## YOUR GOAL
Nothing but the pictures gets dropped; retype every entry exactly.

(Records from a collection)
○ ○ ○ ○ ○ ○ ○

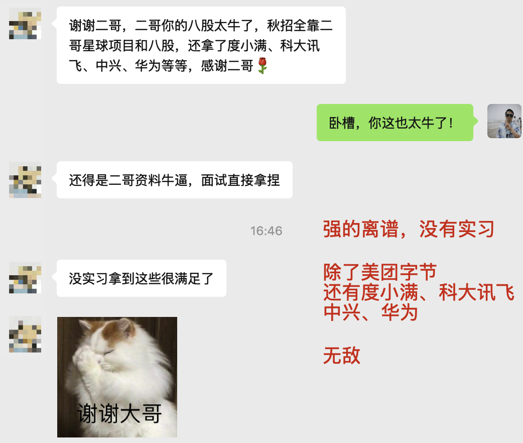 下图是之前一位在阿里实习的球友,修改简历时给我发的信息,她的原话是:
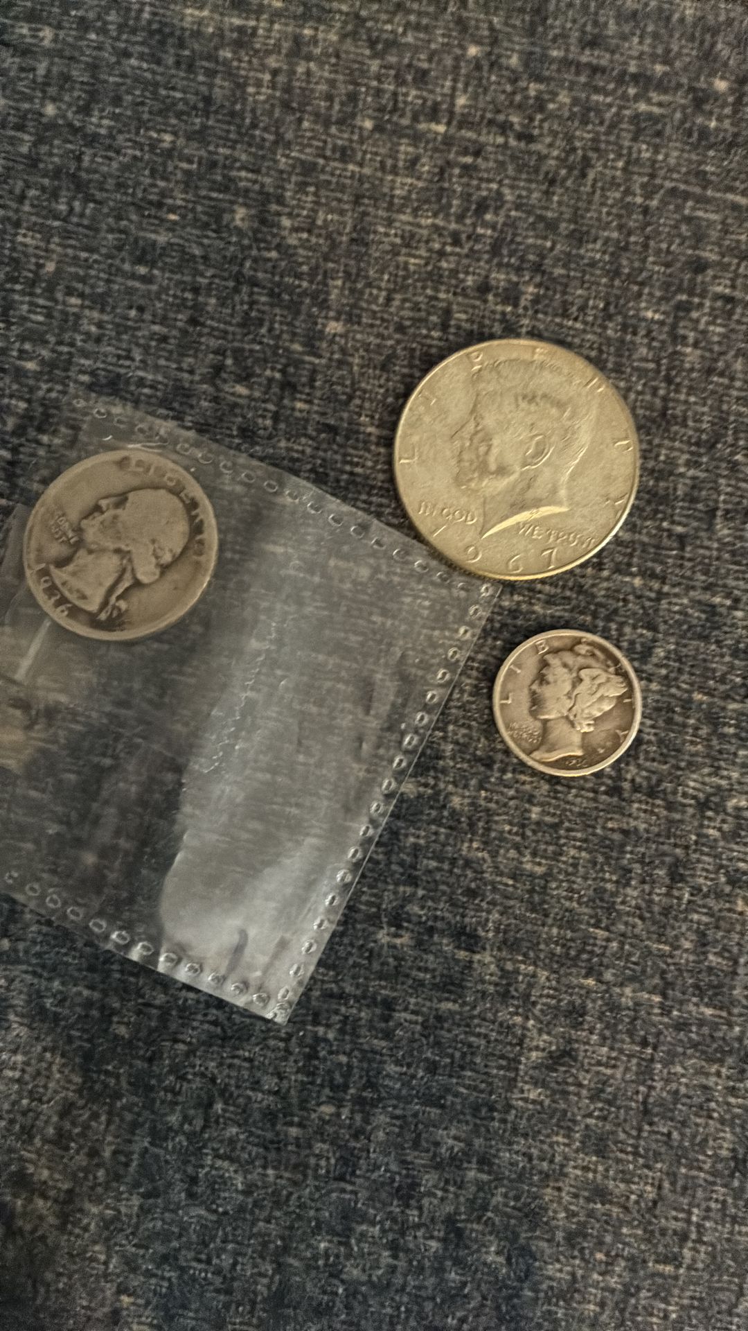 1967 40% silver half dollar, 1936 90% silver mercury dime and 1936 90% silver quarter
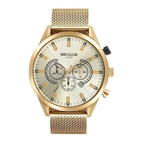 Garantia do Fabricante 2 anos Marca Seculus Referência 44134GPSVDA2 Cor Dourado Pulseira Aço Mica Material Cristal Mineral Mecanismo Analógico Tipo de Fecho Fecho de pressão Funcionamento Bateria Tampa Posterior Rosca Alarme Não Calendário Sim Cronômetro Sim Iluminação Noturna Não Resistência à Água 10 ATM Tamanho da Caixa 5,0cm Comprimento da Pulseira 24cm Conteúdo da Embalagem Relógio, Manual e Certificado Dimensões do produto AxLxP 9,8 x 9,1 x 9,8 cm Peso do Produto 322g EAN 7909669123453
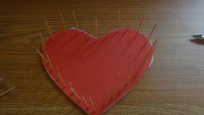 1把心形剪下来,涂上胶水粘贴到板子上,把板子用刀也画成心形,先用笔画出扎孔的位置,并用牙签扎出小孔如下图。
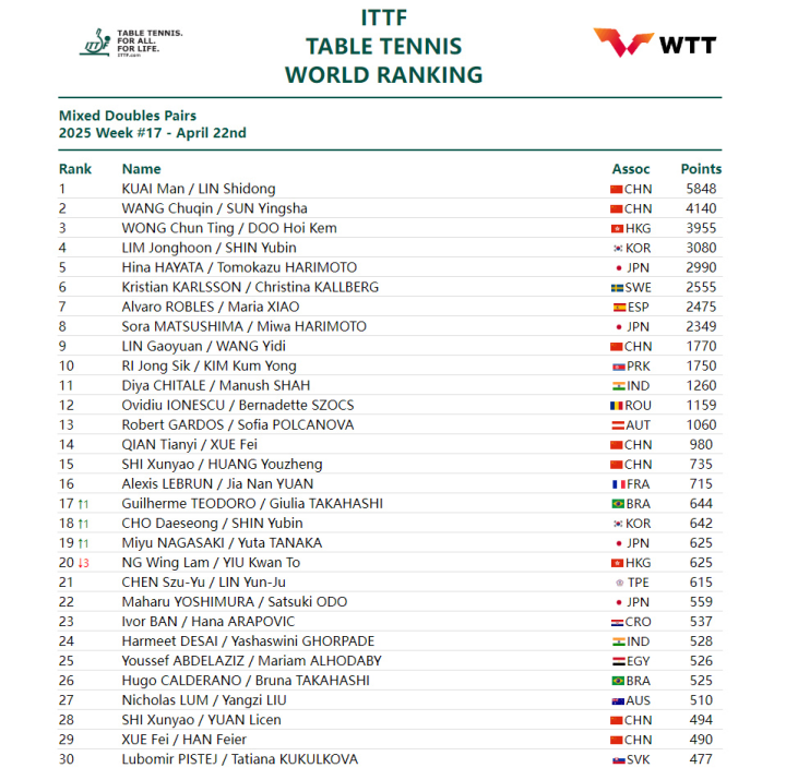 混双:林诗栋/蒯曼第1、王楚钦/孙颖莎第2、林高远/王艺迪第9

○ ○ ○ ○ ○ ○ ○

## TASK OUTPUT
 下图是之前一位在阿里实习的球友,修改简历时给我发的信息,她的原话是:
 1967 40% silver half dollar, 1936 90% silver mercury dime and 1936 90% silver quarter
 Garantia do Fabricante 2 anos Marca Seculus Referência 44134GPSVDA2 Cor Dourado Pulseira Aço Mica Material Cristal Mineral Mecanismo Analógico Tipo de Fecho Fecho de pressão Funcionamento Bateria Tampa Posterior Rosca Alarme Não Calendário Sim Cronômetro Sim Iluminação Noturna Não Resistência à Água 10 ATM Tamanho da Caixa 5,0cm Comprimento da Pulseira 24cm Conteúdo da Embalagem Relógio, Manual e Certificado Dimensões do produto AxLxP 9,8 x 9,1 x 9,8 cm Peso do Produto 322g EAN 7909669123453
 1把心形剪下来,涂上胶水粘贴到板子上,把板子用刀也画成心形,先用笔画出扎孔的位置,并用牙签扎出小孔如下图。
 混双:林诗栋/蒯曼第1、王楚钦/孙颖莎第2、林高远/王艺迪第9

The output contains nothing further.